→ MATERIAL FOR THIS EXERCISE
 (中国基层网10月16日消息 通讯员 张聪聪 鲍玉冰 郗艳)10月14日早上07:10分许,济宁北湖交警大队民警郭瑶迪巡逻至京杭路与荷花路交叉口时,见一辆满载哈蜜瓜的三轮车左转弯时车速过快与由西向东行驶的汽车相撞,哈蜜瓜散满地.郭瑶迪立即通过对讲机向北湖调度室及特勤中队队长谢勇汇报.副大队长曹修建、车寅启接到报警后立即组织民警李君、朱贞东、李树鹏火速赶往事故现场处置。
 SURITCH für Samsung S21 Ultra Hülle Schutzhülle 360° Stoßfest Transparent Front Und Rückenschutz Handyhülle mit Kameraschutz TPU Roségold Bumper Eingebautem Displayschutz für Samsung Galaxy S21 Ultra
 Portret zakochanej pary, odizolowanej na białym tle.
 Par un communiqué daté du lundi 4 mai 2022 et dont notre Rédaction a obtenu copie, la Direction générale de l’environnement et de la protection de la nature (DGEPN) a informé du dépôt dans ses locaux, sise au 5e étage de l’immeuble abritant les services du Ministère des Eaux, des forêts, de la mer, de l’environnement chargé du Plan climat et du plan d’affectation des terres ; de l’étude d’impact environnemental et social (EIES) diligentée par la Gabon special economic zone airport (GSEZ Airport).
---
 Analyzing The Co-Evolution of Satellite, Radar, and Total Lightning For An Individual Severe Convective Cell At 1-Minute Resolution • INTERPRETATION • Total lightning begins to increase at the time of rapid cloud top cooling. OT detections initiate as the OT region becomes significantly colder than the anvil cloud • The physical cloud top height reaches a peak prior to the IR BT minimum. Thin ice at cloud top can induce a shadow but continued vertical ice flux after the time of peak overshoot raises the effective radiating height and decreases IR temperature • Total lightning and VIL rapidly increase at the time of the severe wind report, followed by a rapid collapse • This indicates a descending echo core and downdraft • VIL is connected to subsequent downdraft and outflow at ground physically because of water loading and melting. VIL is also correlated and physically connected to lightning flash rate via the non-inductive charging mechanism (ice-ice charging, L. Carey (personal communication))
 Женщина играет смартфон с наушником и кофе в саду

→ ABOUT THIS TASK
Retype the portion of the data above that starts on the line with "Analyzing The Co-Evolution" and finishes on the line with "Женщина играет смартфон", including both of those lines.

→ TASK RESULT
 Analyzing The Co-Evolution of Satellite, Radar, and Total Lightning For An Individual Severe Convective Cell At 1-Minute Resolution • INTERPRETATION • Total lightning begins to increase at the time of rapid cloud top cooling. OT detections initiate as the OT region becomes significantly colder than the anvil cloud • The physical cloud top height reaches a peak prior to the IR BT minimum. Thin ice at cloud top can induce a shadow but continued vertical ice flux after the time of peak overshoot raises the effective radiating height and decreases IR temperature • Total lightning and VIL rapidly increase at the time of the severe wind report, followed by a rapid collapse • This indicates a descending echo core and downdraft • VIL is connected to subsequent downdraft and outflow at ground physically because of water loading and melting. VIL is also correlated and physically connected to lightning flash rate via the non-inductive charging mechanism (ice-ice charging, L. Carey (personal communication))
 Женщина играет смартфон с наушником и кофе в саду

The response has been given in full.